Latest push was another rebase to fix a conflict

This commit instantiates a currently unused instance of a raft::offset_translator in the disk_log_impl. This will be required as offset translation is pulled into the storage layer. This change alone, while mostly non-functional, at least allows subsequent commits to make further changes that depend on the new storage-layer translator without switching over to using it.

Long term, this will help us avoid exposing implementation details like the offset_translator_state to users of the log. Note that since the storage-layer translator isn't plugged into anything, this commit alone means that the new interface always returns incorrect results.

The storage layer shouldn't make decisions about what types are translated and what arent. This context currently comes from Raft; as such this adds some plumbing for that information to make its way down to storage.

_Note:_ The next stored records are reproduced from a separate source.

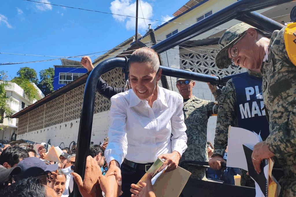 La presidenta visitó los domicilios de los afectados y ofreció un mensaje desde un templete improvisado en la batea de una unidad del Ejército Mexicano, donde aseguró que “a nadie se va a dejar abandonado” y que todas las familias recibirán apoyo.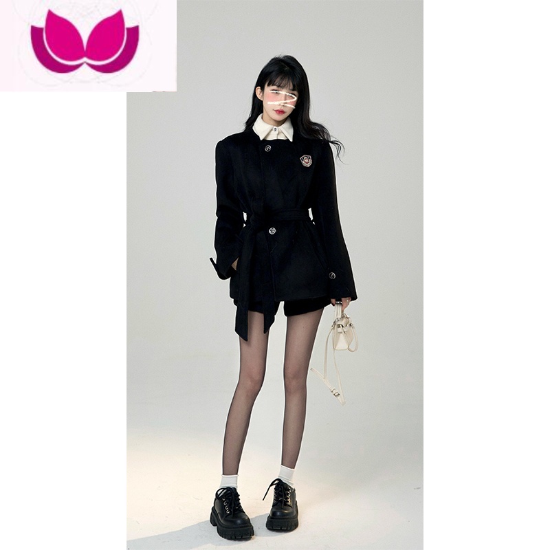 七斓芭比姨假西装外套女春季2023新款百搭黑色rose穿搭学春款季西 S 黑色冬款-夹棉毛呢现货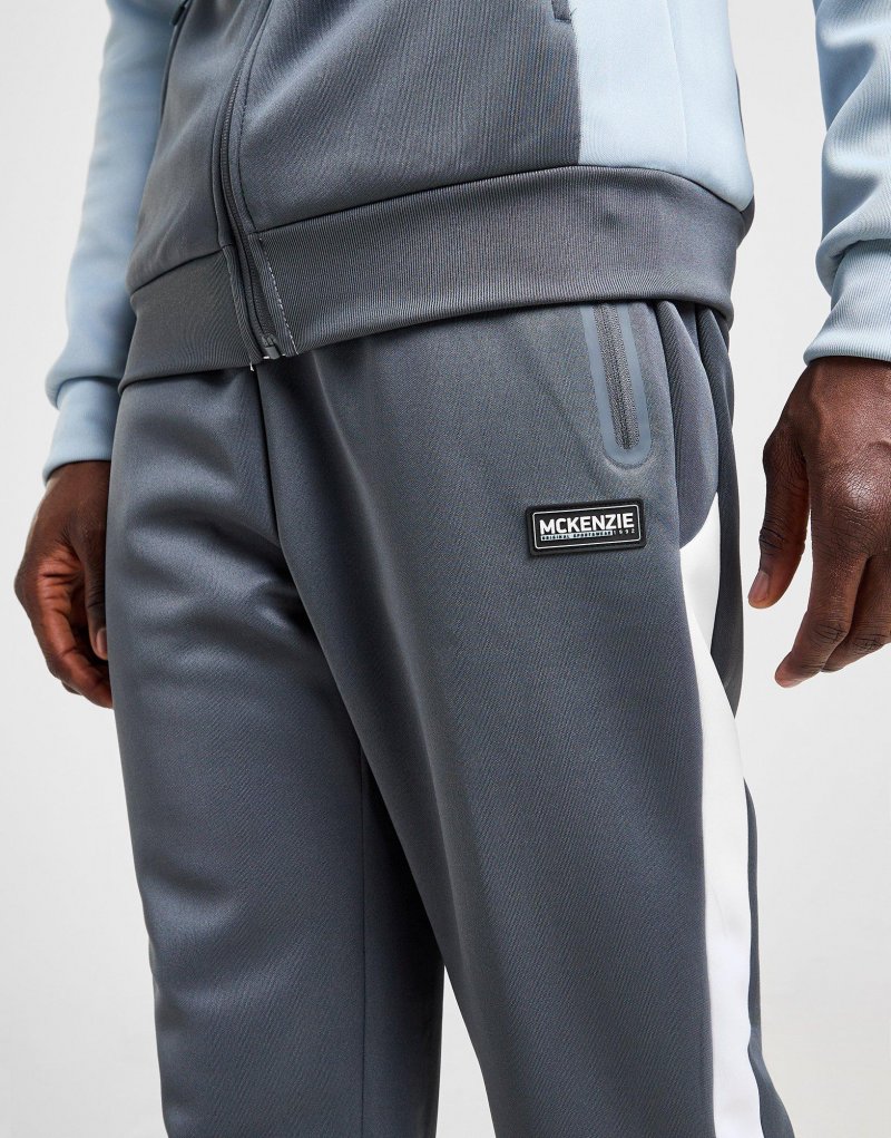 Mit der Base Poly Herren-Trainingshose von McKenzie bringst du JD-exklusiven Style in deine Garderobe. Diese schmal zulaufende Hose in Grau besteht aus glattem, dehnbarem Polyknit und bietet maximalen Tragekomfort. Außerdem besitzt sie einen verstellbaren Bund mit Kordelzug für individuellen Komfort und Reißverschlusstaschen für deine wichtigsten Dinge. Abgerundet wird das Design durch einen mehrfarbigen Schriftzug an der Seite und das klassische McKenzie-Logo auf dem linken Hosenbein. Waschmaschinengeeignet. Unser Model ist 1,80 m groß und trägt Größe M.

Some tests use the translator in the log builder to do translation, and will need to be able to supply a reasonable set of batch types to translate. Since the on-disk storage of the offset translator is in the kvstore keyed by group_id, this also adds an optional group_id to the builder.

Adds a new start() method to the disk_log_impl intended for use by Raft. For the disk_log_impl, this initializes the offset_translator with any state that may exist from the Raft layer (snapshots, kv-store, etc). For reference, follow the code paths in consensus::do_start() for all calls into the offset translator and log, and that is what disk_log_impl::start() is meant to encapsulate.

An upcoming change will rewrite the initial snapshot hydration at startup to use the new log::start() interface. To that end, this pulls some logic from snapshot hydration into some reusable methods. Note, there is a mechanical difference in behavior that in practice will result in the same behavior: Previously, we always truncated the offset translator after adding the latest config to the config manager, and then conditionally truncated the log (roughly, we wouldn't truncate if this is the controller partition). With this change, the truncation of the offset translator will only happen if the log is also going to be truncated. In practice, this behavioral change doesn't matter because not truncating the log implies this is the controller partition, which doesn't translate offsets anyway (its translated batch types is empty).

This commit moves the management code of the lifecycle of the offset_translator from raft::consensus to storage::disk_log_impl. Truncation and prefix truncation are straightforward: corresponding calls into the offset translator are simply now done in the storage layer. What's trickier is the initial loading of offset translator state, which happens at Raft start time, and pulls metadata from the Raft snapshot and the kv store. To accommodate this, this commit refactors some methods for reuse to rejigger consensus::start() in a way that preserves the original behavior, but defers offset translator initialization and any initial truncation to the storage layer via log::start(), introduced in an earlier commit. Most callers still access the offset translator via Raft. A subsequent commit will make the shift to begin using the storage interface.

Replaces the computation of a delta for truncation with the generation of the truncation config that would be created with that delta. This is more intuitive, since it's clearer the logic is for a truncation.

In the effort to have storage own offset translation, this commit removes many direct usages of offset_translator_state, opting instead for the storage::log::delta and to/from_log_offset interfaces. By not exposting the translator as an implementation detail, this will allow the storage implementation to evolve more easily. Also removes the direct interface available in Raft. Note, this doesn't remove all usages of the offset translator state: offset_translator_state is still baked into the interfaces required to translate aborted transaction. Until those are adapted to use the storage interfaces, the offset_translator_state will remain as a part of the storage::log interface.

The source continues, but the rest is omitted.